Pillar	Core Function	Key Activities
Governance	Provides direction and oversight	Strategy setting, policy creation, accountability structures, performance monitoring
Risk Management	Identifies and addresses threats	Risk identification, assessment, treatment, monitoring
Compliance	Ensures adherence to requirements	Regulatory mapping, control implementation, evidence collection, audit management

Quick Answer: The three pillars of GRC are Governance (setting direction and ensuring accountability), Risk Management (identifying and addressing threats), and Compliance (meeting regulatory and contractual requirements).

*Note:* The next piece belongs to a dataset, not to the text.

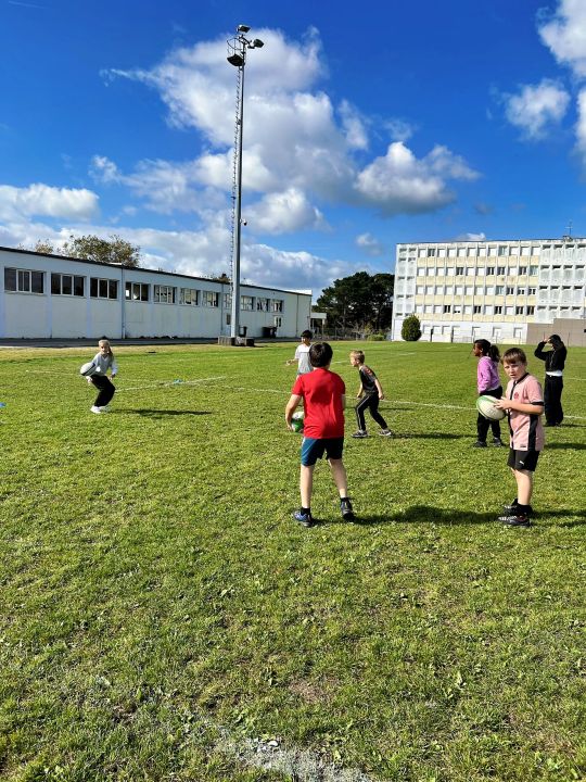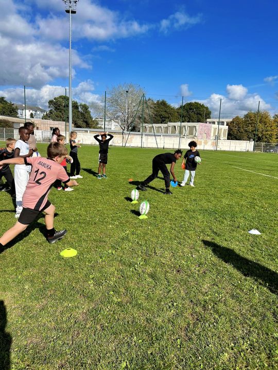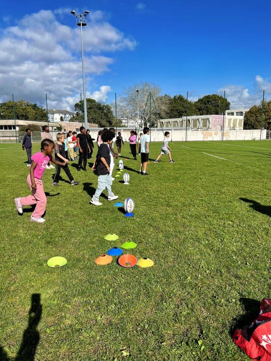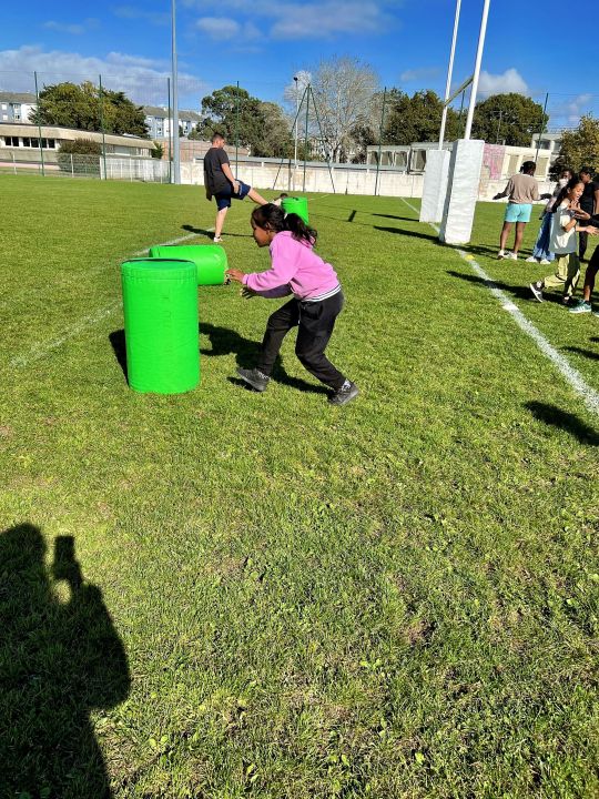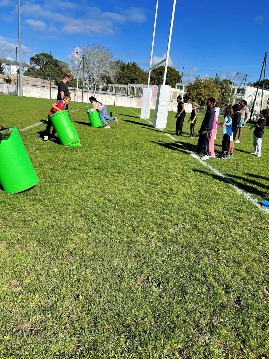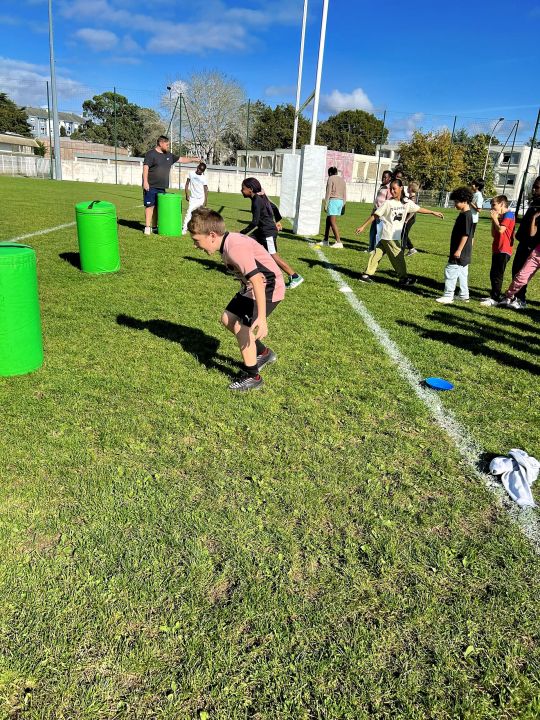 Puis ils ont fait leur troisième séance de rugby avec Briac ( éducateur au RCV)

Together, they form an integrated framework for managing organizational challenges.

Pillar 1: Governance

Governance establishes the framework within which an organization operates. It defines who has authority, how decisions are made, and what standards must be followed.

What governance covers

Strategic direction. Governance ensures that security and compliance efforts align with business objectives. This means understanding what the business is trying to achieve and making sure GRC activities support those goals.

Organizational structure. Clear roles and responsibilities are essential. Governance defines who owns security decisions, who manages day-to-day operations, and who has oversight authority.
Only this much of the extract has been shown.